Given the equation:
[tex]\cos ^2x-4\cos x+3=0[/tex]
Let's find all the solutions of the equation in the interval: [0, 2π).
To find the solution, take the following steps.
Step 1:
Let u = cos x.
Then factor the left side of the equation.
[tex]\begin{gathered} u^2-4u+3=0 \\ \\ (u-3)(u-1)=0 \end{gathered}[/tex]
Step 2:
Now, replace u with cosx:
[tex](\cos x-3)(\cos x-1)=0[/tex]
Step 3.
Equate the individual factors to zero and solve for x:
[tex]\begin{gathered} \cos x-3=0 \\ \cos x=3 \\ \\ \text{The range of cosine is }-1\le y\le1.\text{ Hence }3\text{ does not fall in the range.} \end{gathered}[/tex][tex]\begin{gathered} \cos x-1=0 \\ \cos x=1 \\ \text{Take the cos inverse of both sides:} \\ x=\cos ^{-1}(1) \\ x=0 \end{gathered}[/tex]
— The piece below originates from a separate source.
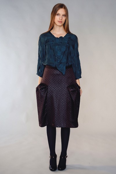 Nova kolekcija odlične slovenske oblikovalke Almire Sadar nadaljuje raziskovanje tekstilnih materialov in ženske silhuete iz prejšnjih kolekcij. Naravni materiali iz 100 % volne, svile in mešanice s tehno materiali dajejo oblačilom športen videz in zagotavljajo toplo zimo. Kroji se oprijemajo ženskega telesa in se ozirajo v modo petdesetih let, kar se izraža v širokih gubah kril in pentljah, ki se pojavljajo na različnih delih oblačil. Na robovih izbranih oblačil se pojavlja tudi vzorec trav, gubanje materiala v detajlu pošitih naborkov pa predstavlja novo teksturo. Kolekcija oblačil, pletenin iz kašmirja in modnih dodatkov je resna, toda še vedno razgibana, kot je to značilno za Almiro Sadar.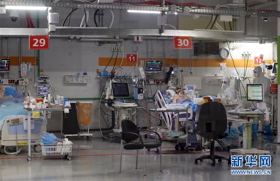 7月8日,医护人员在以色列拉马特甘的谢巴医疗中心新冠隔离病房工作。新华社发(吉尔·科恩·马根摄)

This cosine function is positive in the first and fourth quadrants.
To find the second solution, subtract the reference angle from 2π to get the second solution in quadrant IV.
[tex]\begin{gathered} x=2\pi-0 \\ \\ x=2\pi \end{gathered}[/tex]
Therefore, the solution in the given interval is:
x = 0
ANSWER:
x = 0